On 08/09/12, jinsong wrote:
>
> BLOCKQUOTE { MARGIN-TOP: 0px; MARGIN-BOTTOM: 0px; MARGIN-LEFT: 2em } OL { MARGIN-TOP: 0px; MARGIN-BOTTOM: 0px } UL { MARGIN-TOP: 0px; MARGIN-BOTTOM: 0px } P { MARGIN-TOP: 0px; MARGIN-BOTTOM: 0px } BODY { LINE-HEIGHT: 1.5; FONT-FAMILY: 微软雅黑; COLOR: #000000; FONT-SIZE: 10.5pt }
>
> Hi All,
> I am running PARSEC on gem5 in ALPHA FS mode. With the following commands, a deadlock problem occurred:
> ###gem5 command line options###
> ~/gem5/build/ALPHA_MOESI_hammer/gem5.opt configs/example/ruby_fs.py --cpu-type=timing -n 16 --clock='1GHz' --l1i_size=32kB --l1d_size=32kB --l2_size=16MB --num-l2caches=16 --num-dirs=16 --cacheline_size=64 --caches --ruby --topology=Mesh --garnet-network=fixed --mesh-rows=4 --kernel=vmlinux_2.6.27-gcc_4.3.4 --script=~/gem5/configs/boot/blackscholes-ckpts.rcS
>
> ###below is the running results:###
> ...
> warn: Prefetch instructions in Alpha do not do anything
> warn: Prefetch instructions in Alpha do not do anything
> warn: Prefetch instructions in Alpha do not do anything
> hack: be nice to actually delete the event here
> info: Entering event queue @ 3352057344000. Starting simulation...
> Writing checkpoint
> info: Entering event queue @ 3352057347000. Starting simulation...
> info: Entering event queue @ 3352057347000. Starting simulation...
> panic: Possible Deadlock detected. Aborting!
> version: 0 request.paddr: 0x[0x6d48, line 0x6d40] m_readRequestTable: 1 current time: 3352557347 issue_time: 3352057347 difference: 500000
> @ cycle 3352557347000
> [wakeup:build/ALPHA_MOESI_hammer/mem/ruby/system/Sequencer.cc, line 108]
> Memory Usage: 1325856 KBytes
> Program aborted at cycle 3352557347000
> Aborted
>
>
> So how should I fix this problem? Any help greatly appreciated!
>
> Best regards,
> Song Jin
>
> ------------------------------------------------------------------------
> Song Jin, Ph.
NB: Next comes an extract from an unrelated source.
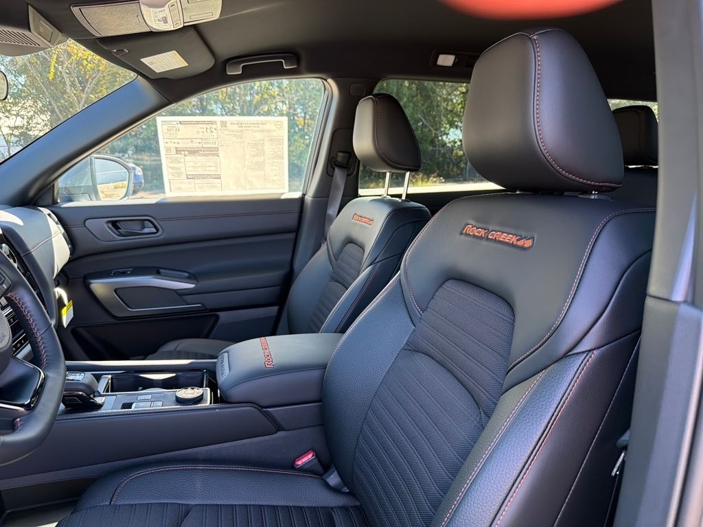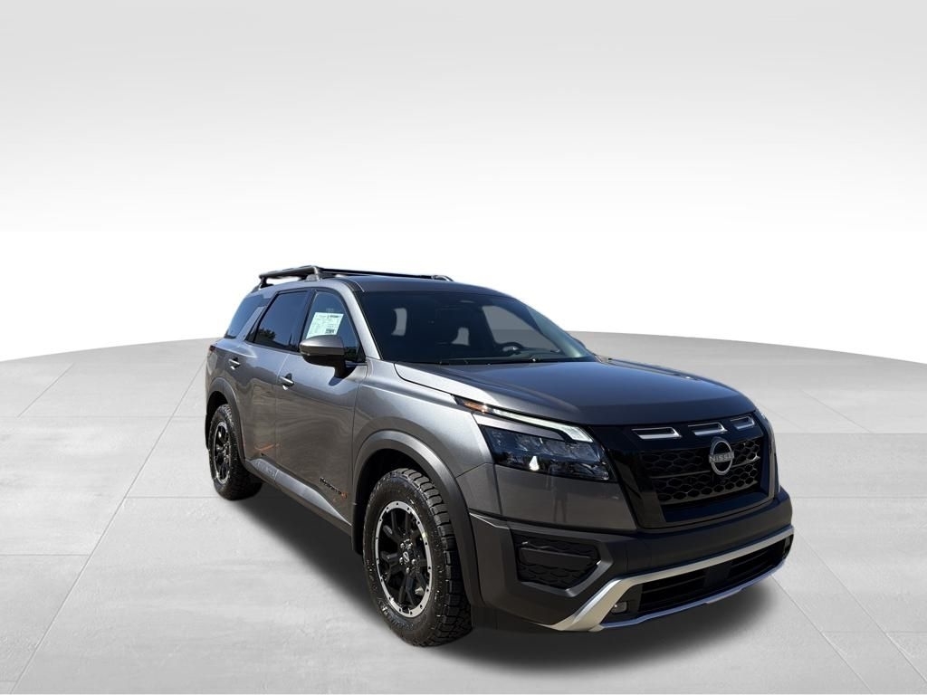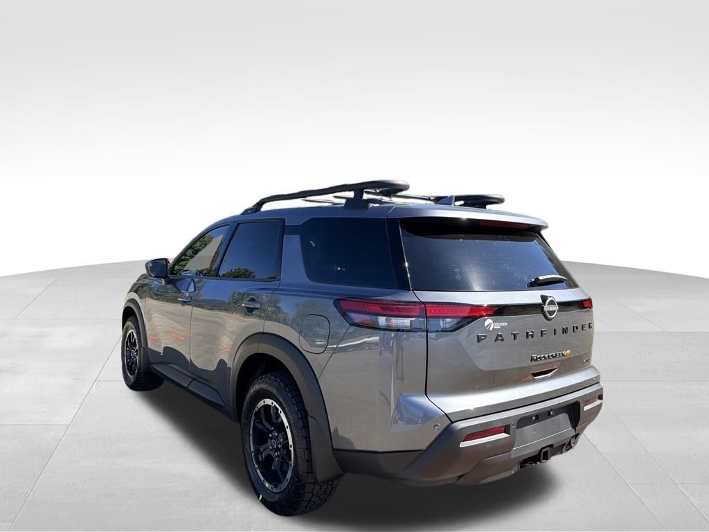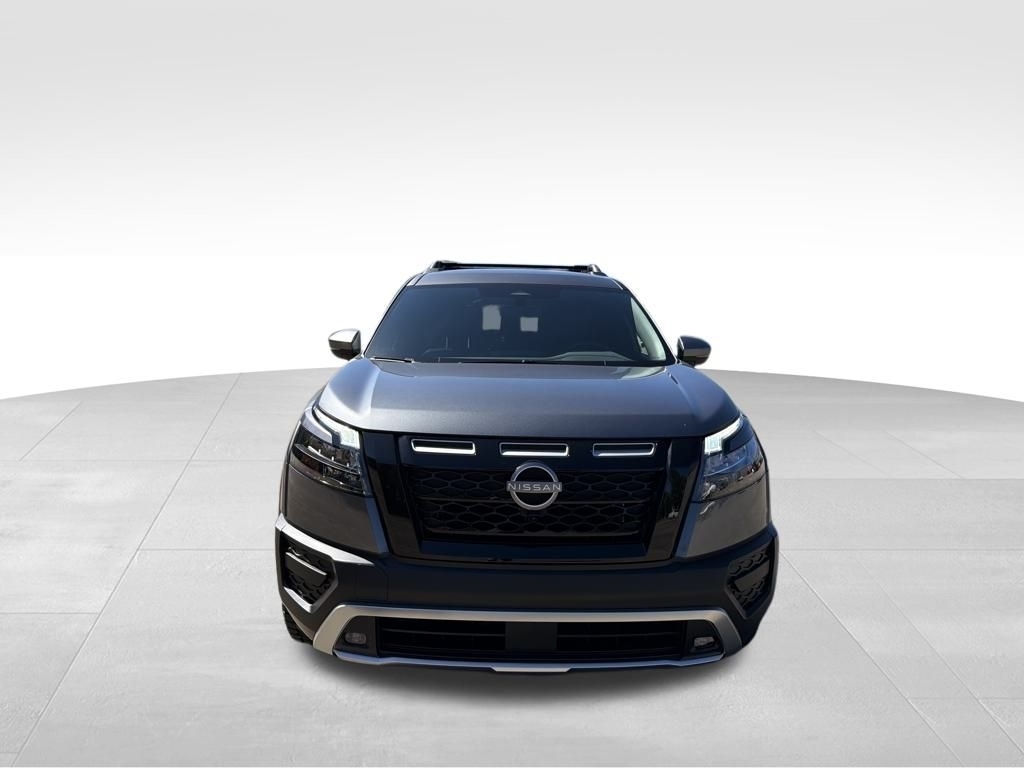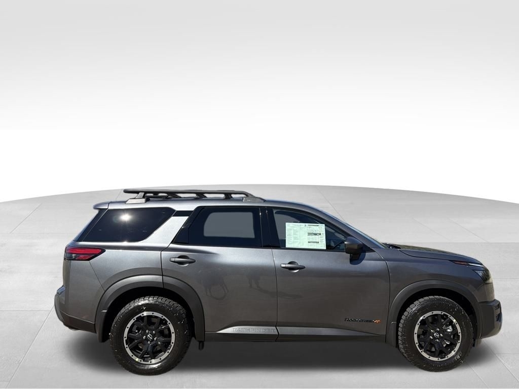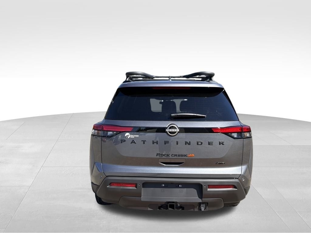 2025 Nissan Pathfinder Gun Metallic 3.5L V6 DOHC Rock Creek 4WD. Check out all these great options 4WD, 3rd row seats: bench, 4-Wheel Disc Brakes, 6 Speakers, ABS brakes, Air Conditioning, Alloy wheels, AM/FM radio: SiriusXM, Auto High-beam Headlights, Automatic temperature control, Brake assist, Delay-off headlights, Driver door bin, Driver vanity mirror, Dual front impact airbags, Dual front side impact airbags, Electronic Stability Control, Emergency communication system, Four wheel independent suspension, Front anti-roll bar, Front Bucket Seats, Front Center Armrest, Front dual zone A/C, Front fog lights, Front reading lights, Fully automatic headlights, Heated door mirrors, Heated Front Bucket Seats, Heated front seats, Illuminated entry, Knee airbag, Leather steering wheel, Leatherette-Appointed Seating Surfaces, Low tire pressure warning, NissanConnect featuring Apple CarPlay and Android Auto, Occupant sensing airbag, Outside temperature display, Overhead airbag, Overhead console, Panic alarm, Passenger door bin, Passenger vanity mirror, Power door mirrors, Power driver seat, Power Liftgate, Power steering, Power windows, Radio data system, Radio: AM/FM Audio System w/NissanConnect, Rear air conditioning, Rear anti-roll bar, Rear Parking Sensors, Rear reading lights, Rear side impact airbag, Rear window defroster, Rear window wiper, Reclining 3rd row seat, Remote keyless entry, Rock Creek AS Floor Liners & Cargo Area Protector, Roof rack, Security system, Speed control, Speed-sensing steering, Split folding rear seat, Spoiler, Steering wheel mounted audio controls, Tachometer, Telescoping steering wheel, Tilt steering wheel, Traction control, Trip computer, Turn signal indicator mirrors, Variably intermittent wipers, and Wheels: 18x 8J Machined Alloy w/Black Finish. Price includes: $5000 - Nissan Customer Cash. Exp. 11/03/2025
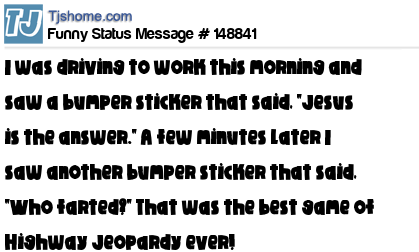X says I was driving to work this morning and saw a bumper sticker that said, "Jesus is the answer." A few minutes later I saw another bumper sticker that said, "Who farted?" That was the best game of Highway Jeopardy ever!

D.
> Department of Electronic and Communication Engineering
> School of Electrical and Electronic Engineering
> North China Electric Power University, P. R. China
> Web: http://www.ncepu.edu.cn
> ------------------------------------------------------------------------
Hao Wang
2012-08-10 16:25:53 UTC
Permalink
Hey Dibakar,

So you mean this must be the problem of the mechanism of my memory system?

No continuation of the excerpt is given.